Records from a collection:

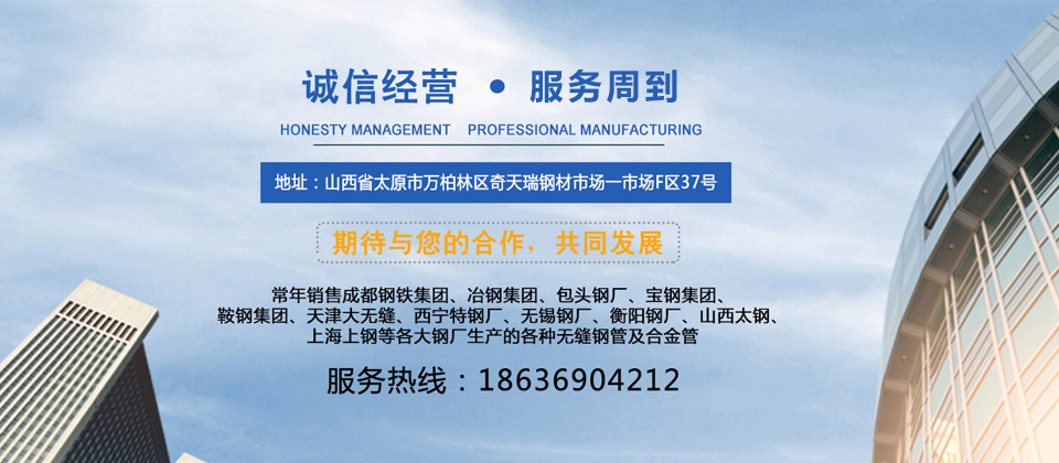 山西衡泰尚盈貿(mào)易有限責(zé)任公司是集生產(chǎn)加工經(jīng)營于一體的無縫鋼管、不銹鋼管、合金管、鍋爐管、液壓支柱管、方管、方矩管、不銹鋼板等的大型企業(yè),常年銷售成都鋼鐵集團、冶鋼集團、包頭鋼廠、寶鋼集團、鞍鋼集團、天津大無縫、西寧特鋼廠、無錫鋼廠、衡陽鋼廠、山西太鋼、上海上鋼等各大鋼廠生產(chǎn)的各種無縫鋼管及合金管。
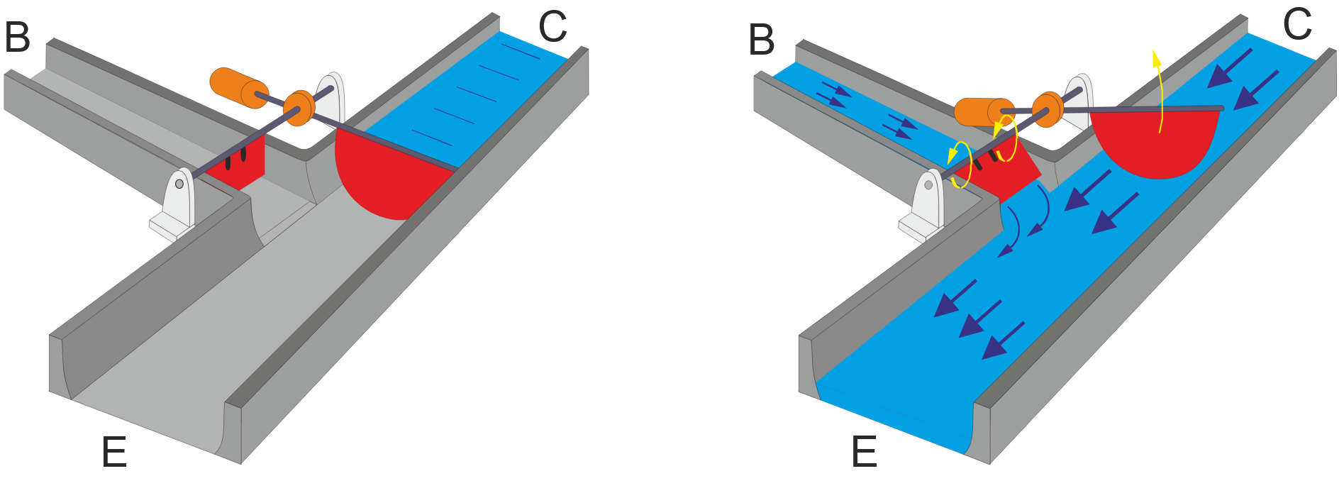 Der Transistor ist wohl das komplizierteste Bauteil hier. Er kann aber in diesem Rahmen und in den folgenden Schaltungen als elektrisch gesteuerter Schalter betrachtet werden. Die drei Beine werden als "Kollektor" , "Emitter" und "Basis" bezeichnet. Die Basis ist der Schalthebel und schließt oder öffnet den Schalter zwischen Kollektor und Emitter. Die folgende Abbildung zeigt dieses Verhalten anhand von Wasser. Der Wasserfluss an der Basis drückt eine Klappe auf, die einen größeren Wasserfluss ermöglicht. Bei einem Transistor wird ebenfalls ein großer Strom mit einem kleinen Strom geschaltet.
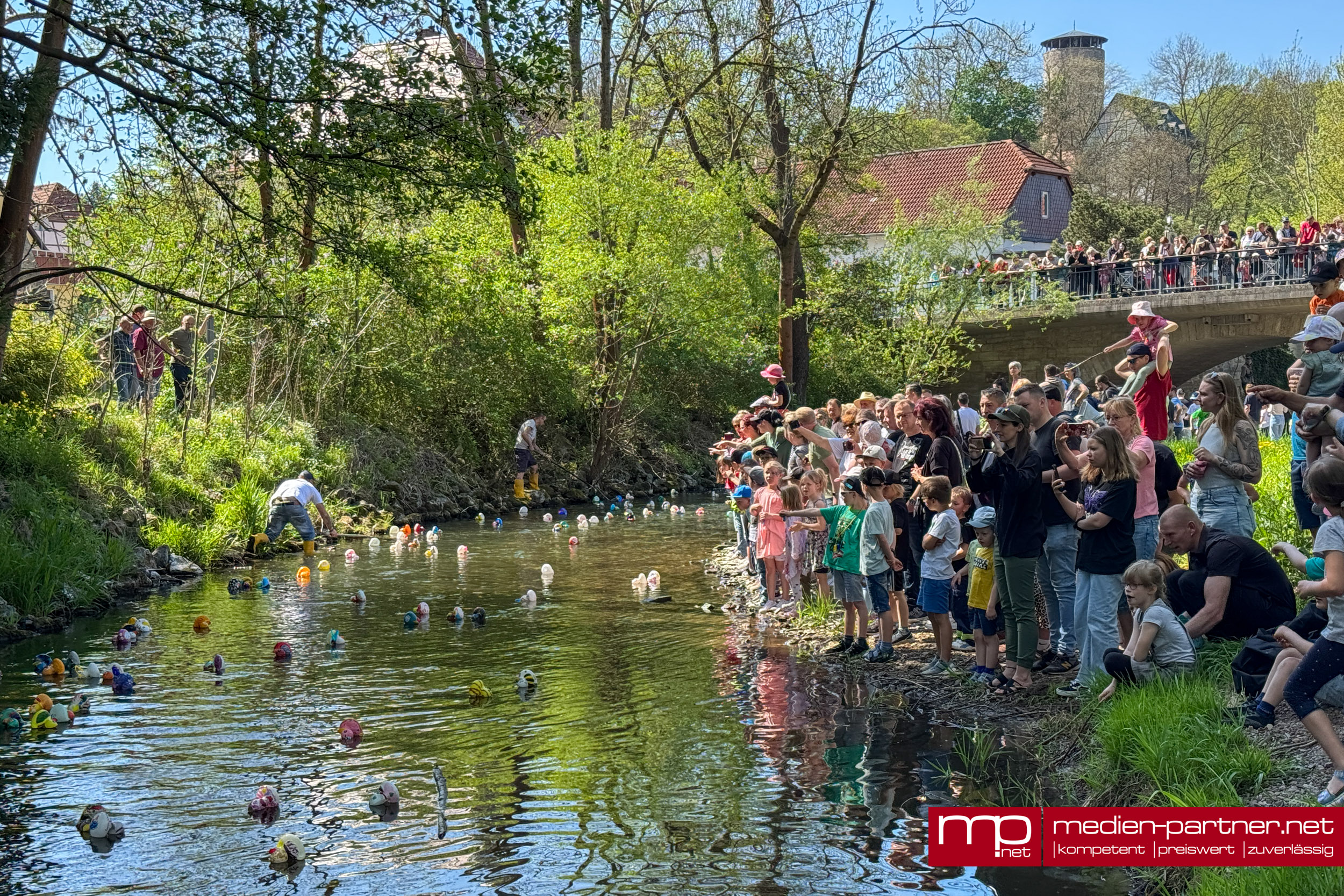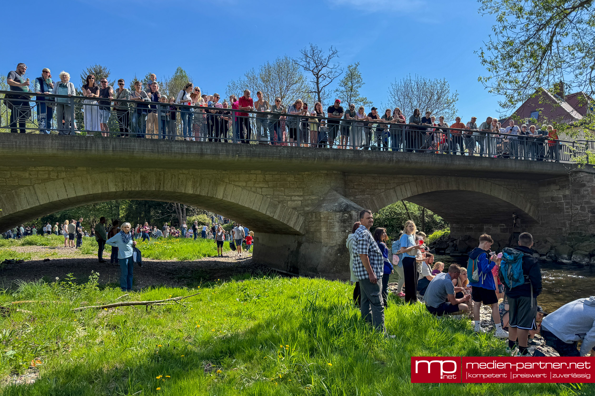 Wie schon im Vorjahr war das Entenrennen Teil des Maibaumsetzens der Freiwilligen Feuerwehr Tannroda, die das Fest mit Bratwurststand, Getränken, Hüpfburg und Spielen unterstützte. „Die Zusammenarbeit mit der Feuerwehr war wieder großartig“, betonte Singer.
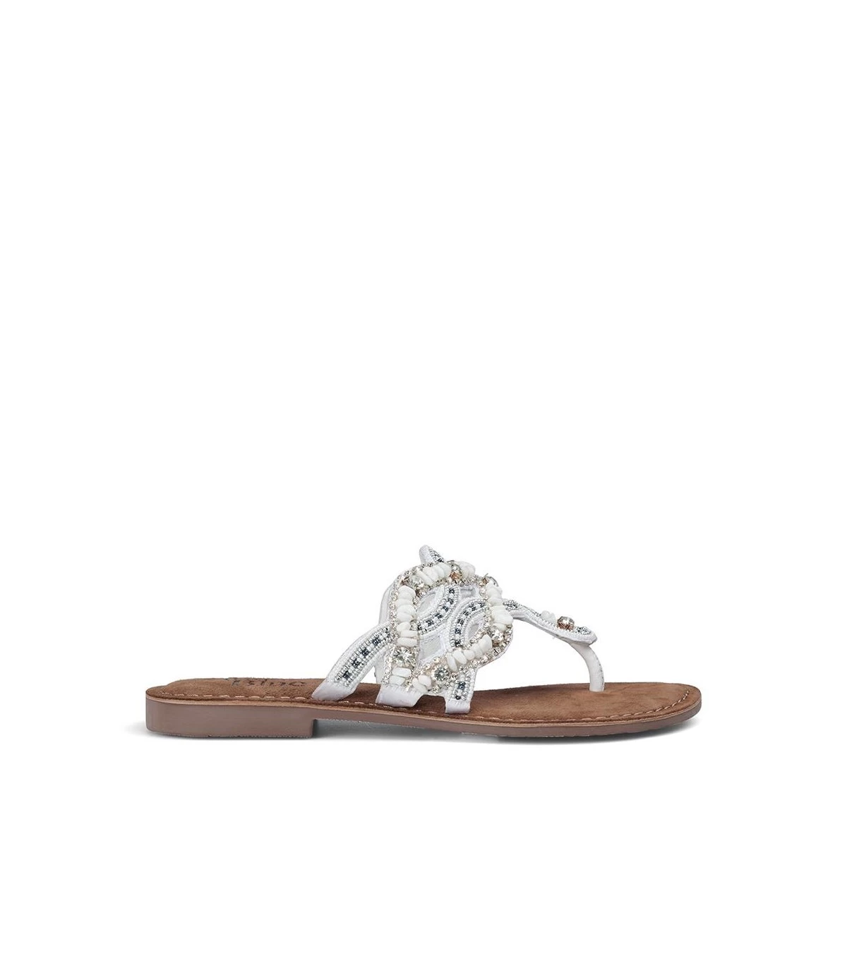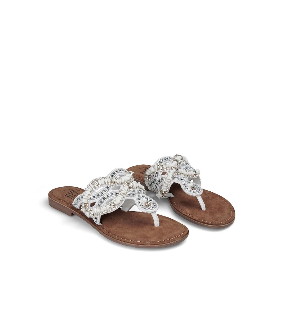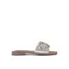 Sandalia plana con tiras de pedrerÃa y trenzados multicolor. Plantilla acolchada para un mayor confort. La altura del tacón es de 1cm.
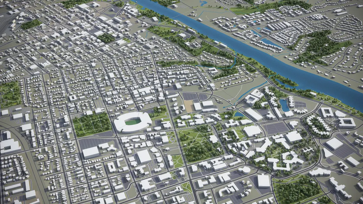 - Full city extents up to 100 x 100 km — or crop to an area of interest for better format compability and scene performance
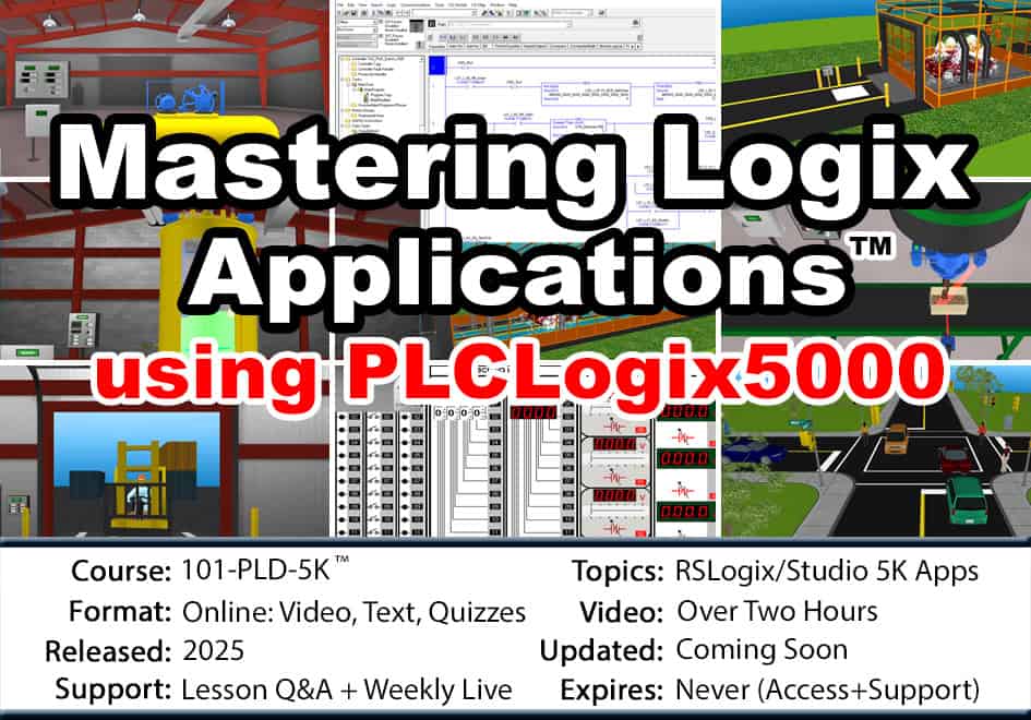 Become a master at solving ControlLogix and CompactLogix applications without having to buy thousands of dollars of equipment and software by taking our NEW 2025 Mastering Logix Applications using PLCLogix 5000 simulation software.
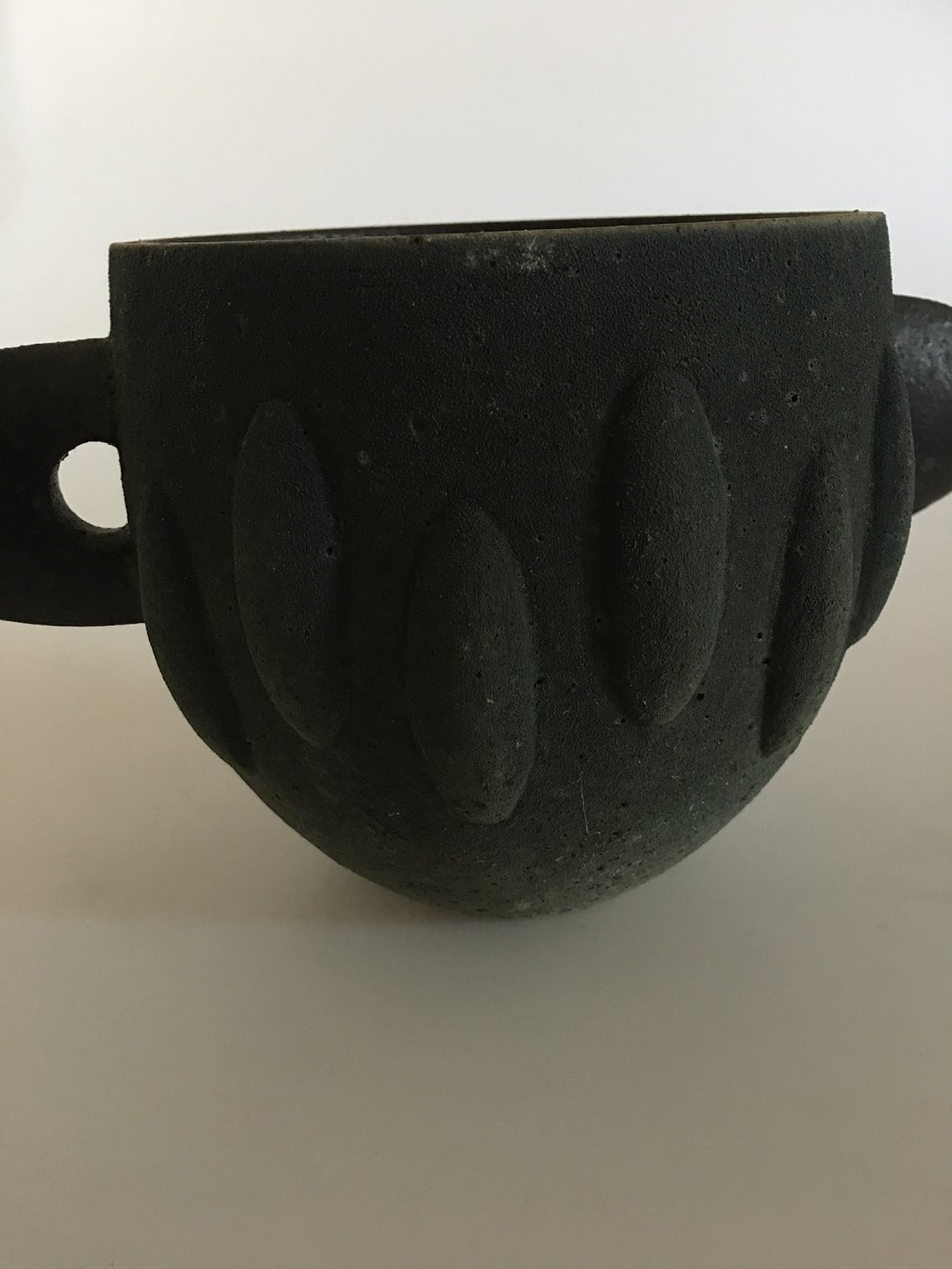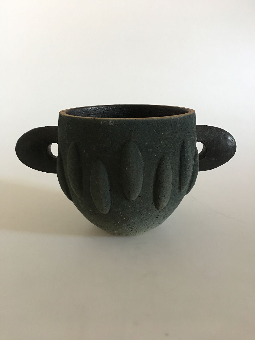 Royal Copenhagen Unique Modern Stoneware Vase by Pia Langelund. Two handles vase with a nice rough moss looking texture. The vase is 12.5 cm H (4 59/64"). 13 cm dia (5 1/8")
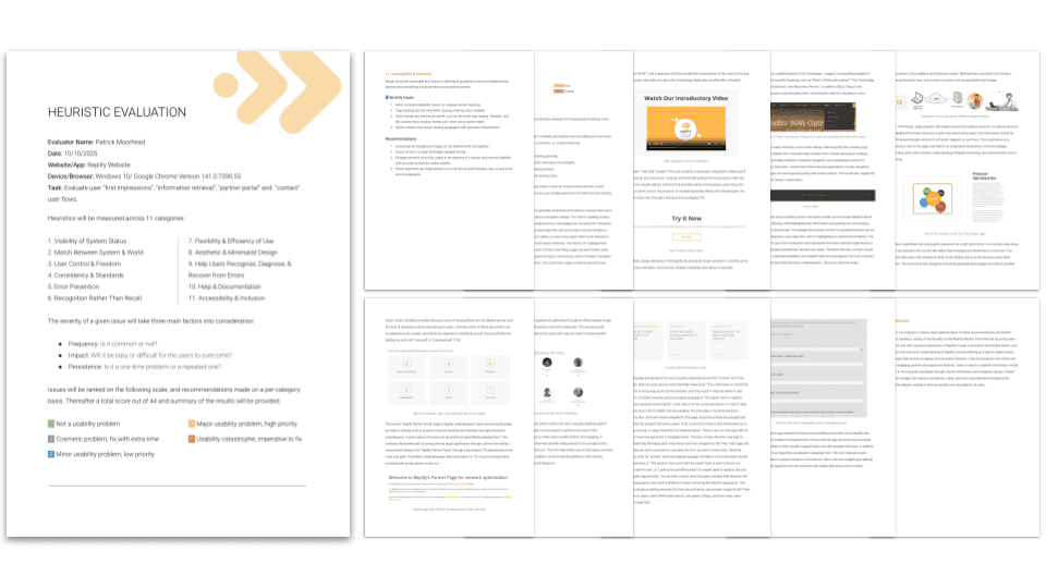 Website development started with a 28 page document to evaluate user “first impressions”, “information retrieval”, “partner portal” and “contact” user flows. We measured usability across 11 categories:
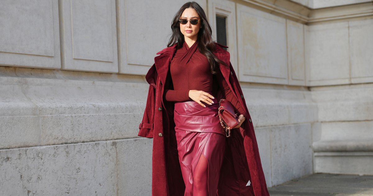 9. Luxe-Lookalike: This faux leather midi skirt is a rich-mom dream. The asymmetrical design adds an elevated touch to whatever you pair it with, while the extra bit of material hides what you want it to.
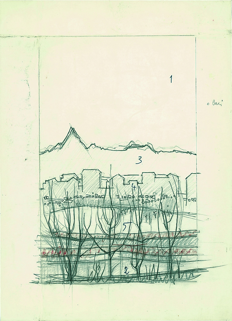 |Dis•paesaggi 05| «A sera» circa 1968 matita su carta, 16 x 25 cm
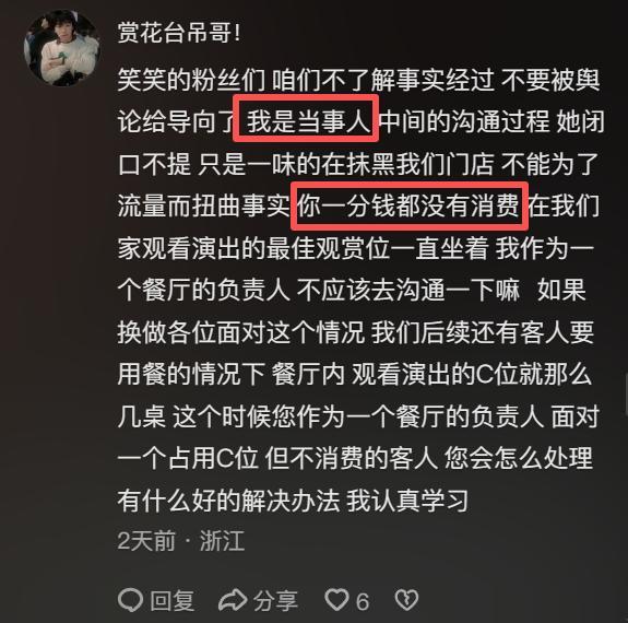 餐厅的当事男子也在博主评论区硬刚,称博主一分钱没消费,却一直坐在最佳观赏位,难道他还不能去沟通吗?
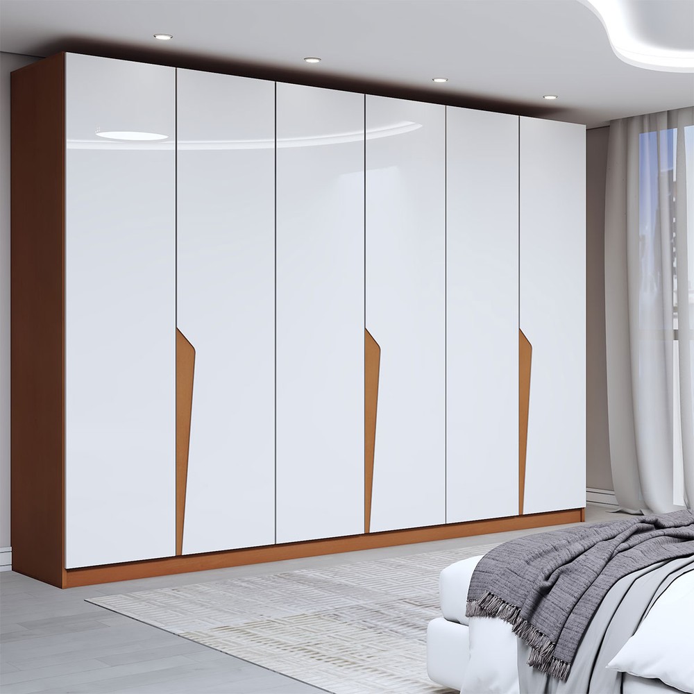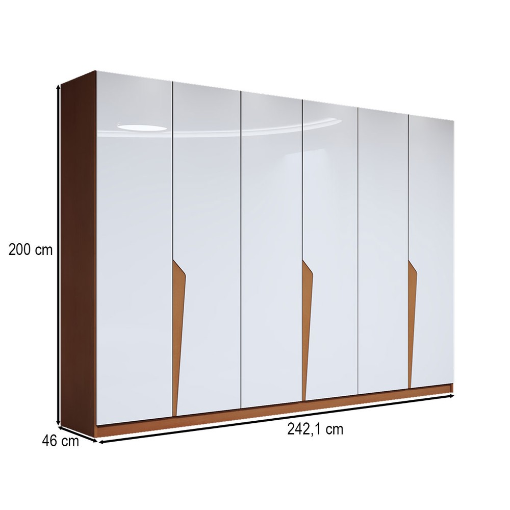 O(a) Guarda-Roupa Casal Luxe 2,42 Metros 6 Portas 4 Gavetas Freijó/Branco - Panorama Móveis é produzido em MDF e MDP na escala de brilho Semi-Fosco, e possui um grau de dificuldade de montagem: Médio.

▶ [TASK TO COMPLETE]
Every line above is to be reproduced verbatim, and the pictures are to be omitted.

▶ [OUTPUT OF THE EXERCISE]
 山西衡泰尚盈貿(mào)易有限責(zé)任公司是集生產(chǎn)加工經(jīng)營于一體的無縫鋼管、不銹鋼管、合金管、鍋爐管、液壓支柱管、方管、方矩管、不銹鋼板等的大型企業(yè),常年銷售成都鋼鐵集團、冶鋼集團、包頭鋼廠、寶鋼集團、鞍鋼集團、天津大無縫、西寧特鋼廠、無錫鋼廠、衡陽鋼廠、山西太鋼、上海上鋼等各大鋼廠生產(chǎn)的各種無縫鋼管及合金管。
 Der Transistor ist wohl das komplizierteste Bauteil hier. Er kann aber in diesem Rahmen und in den folgenden Schaltungen als elektrisch gesteuerter Schalter betrachtet werden. Die drei Beine werden als "Kollektor" , "Emitter" und "Basis" bezeichnet. Die Basis ist der Schalthebel und schließt oder öffnet den Schalter zwischen Kollektor und Emitter. Die folgende Abbildung zeigt dieses Verhalten anhand von Wasser. Der Wasserfluss an der Basis drückt eine Klappe auf, die einen größeren Wasserfluss ermöglicht. Bei einem Transistor wird ebenfalls ein großer Strom mit einem kleinen Strom geschaltet.
 Wie schon im Vorjahr war das Entenrennen Teil des Maibaumsetzens der Freiwilligen Feuerwehr Tannroda, die das Fest mit Bratwurststand, Getränken, Hüpfburg und Spielen unterstützte. „Die Zusammenarbeit mit der Feuerwehr war wieder großartig“, betonte Singer.
 Sandalia plana con tiras de pedrerÃa y trenzados multicolor. Plantilla acolchada para un mayor confort. La altura del tacón es de 1cm.
 - Full city extents up to 100 x 100 km — or crop to an area of interest for better format compability and scene performance
 Become a master at solving ControlLogix and CompactLogix applications without having to buy thousands of dollars of equipment and software by taking our NEW 2025 Mastering Logix Applications using PLCLogix 5000 simulation software.
 Royal Copenhagen Unique Modern Stoneware Vase by Pia Langelund. Two handles vase with a nice rough moss looking texture. The vase is 12.5 cm H (4 59/64"). 13 cm dia (5 1/8")
 Website development started with a 28 page document to evaluate user “first impressions”, “information retrieval”, “partner portal” and “contact” user flows. We measured usability across 11 categories:
 9. Luxe-Lookalike: This faux leather midi skirt is a rich-mom dream. The asymmetrical design adds an elevated touch to whatever you pair it with, while the extra bit of material hides what you want it to.
 |Dis•paesaggi 05| «A sera» circa 1968 matita su carta, 16 x 25 cm
 餐厅的当事男子也在博主评论区硬刚,称博主一分钱没消费,却一直坐在最佳观赏位,难道他还不能去沟通吗?
 O(a) Guarda-Roupa Casal Luxe 2,42 Metros 6 Portas 4 Gavetas Freijó/Branco - Panorama Móveis é produzido em MDF e MDP na escala de brilho Semi-Fosco, e possui um grau de dificuldade de montagem: Médio.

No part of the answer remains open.